Your assignment -
Write out all of the records below precisely as given, omitting the images.

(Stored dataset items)
▽

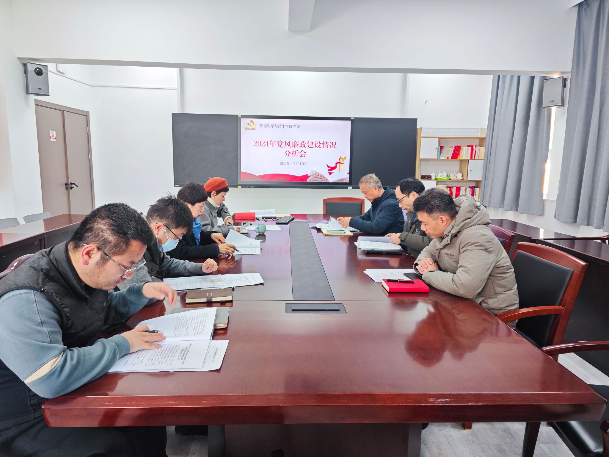 1月10日,物理科学与技术学院党委在龙赛理科楼北楼228“党员之家”召开2024年党风廉政建设情况分析会,会议由学院党委书记朱学庆主持,学院全体党委委员参加。会上,与会人员共同学习了《习近平在中共中央政治局第十五次集体学习时强调:贯彻落实新时代党的建设总要求进一步健全全面从严治党体系》《关于认真开好2024年党风廉政建设情况分析会的通知》等内容,提高政治站位,强化廉洁担当。学院党委书记朱学庆代表党委班子对2023年党风廉政建设落实情况进行“...
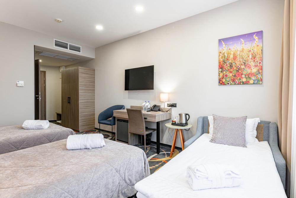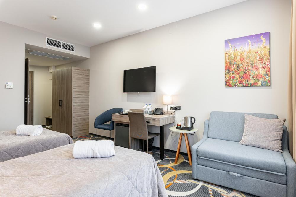 Уютный однокомнатный номер с двумя раздельными кроватями размером single-size с ортопедическим матрасом и сатиновым бельем. Номер выполнен в спокойных природных тонах, способствующих отдыху и расслаблению, и оснащен всем необходимым для комфортного проживания. В зависимости от своих предпочтений, гости могут выбрать номер с ванной или душем, с видом на город либо с окнами, выходящими во внутренний дворик отеля.
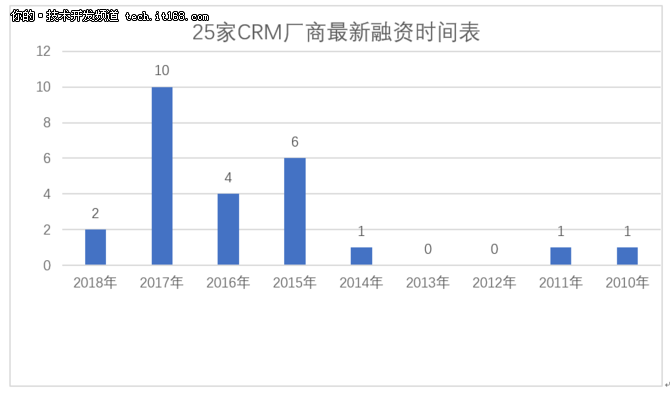 77家網上公開資料搜索到的CRM廠商中有25家是有明確的融資情況,從上圖我們可以看出資本越來越青睞于CRM領域,最新融資情況在2015年-2017年內的廠商共有20家,占比為80%,商業模式的成熟、企業CRM認知的提高以及市場需求或許是資本青睞的主要原因。
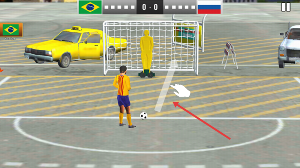 2、選擇已解鎖的SAINT PETERSBURG場地,匹配巴西vs俄羅斯等國家隊對戰(zhàn),進(jìn)入實時射門對決狀態(tài)。
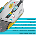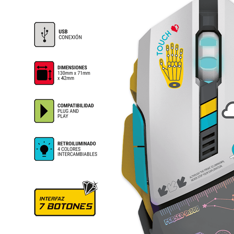 - Mouse gamer: - 7 botones programables y resolución DPI ajustable (1200-2400-4800-6600). - Retroiluminación en 4 colores intercambiables. - Cable trenzado de 1,5 m con anillo magnético. - Dimensiones: 130 mm x 71 mm x 42 mm.
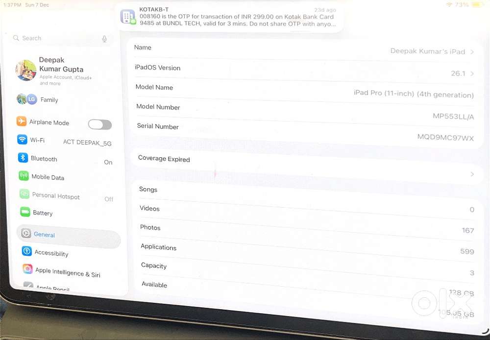 - ₹ 20,999Apple iPad 8th Gen \ Apple A12 Bionic Chip \ Only Wi-Fi \ Used OneBegur, Bengaluru17 Dec

△

Written response -
 1月10日,物理科学与技术学院党委在龙赛理科楼北楼228“党员之家”召开2024年党风廉政建设情况分析会,会议由学院党委书记朱学庆主持,学院全体党委委员参加。会上,与会人员共同学习了《习近平在中共中央政治局第十五次集体学习时强调:贯彻落实新时代党的建设总要求进一步健全全面从严治党体系》《关于认真开好2024年党风廉政建设情况分析会的通知》等内容,提高政治站位,强化廉洁担当。学院党委书记朱学庆代表党委班子对2023年党风廉政建设落实情况进行“...
 Уютный однокомнатный номер с двумя раздельными кроватями размером single-size с ортопедическим матрасом и сатиновым бельем. Номер выполнен в спокойных природных тонах, способствующих отдыху и расслаблению, и оснащен всем необходимым для комфортного проживания. В зависимости от своих предпочтений, гости могут выбрать номер с ванной или душем, с видом на город либо с окнами, выходящими во внутренний дворик отеля.
 77家網上公開資料搜索到的CRM廠商中有25家是有明確的融資情況,從上圖我們可以看出資本越來越青睞于CRM領域,最新融資情況在2015年-2017年內的廠商共有20家,占比為80%,商業模式的成熟、企業CRM認知的提高以及市場需求或許是資本青睞的主要原因。
 2、選擇已解鎖的SAINT PETERSBURG場地,匹配巴西vs俄羅斯等國家隊對戰(zhàn),進(jìn)入實時射門對決狀態(tài)。
 - Mouse gamer: - 7 botones programables y resolución DPI ajustable (1200-2400-4800-6600). - Retroiluminación en 4 colores intercambiables. - Cable trenzado de 1,5 m con anillo magnético. - Dimensiones: 130 mm x 71 mm x 42 mm.
 - ₹ 20,999Apple iPad 8th Gen \ Apple A12 Bionic Chip \ Only Wi-Fi \ Used OneBegur, Bengaluru17 Dec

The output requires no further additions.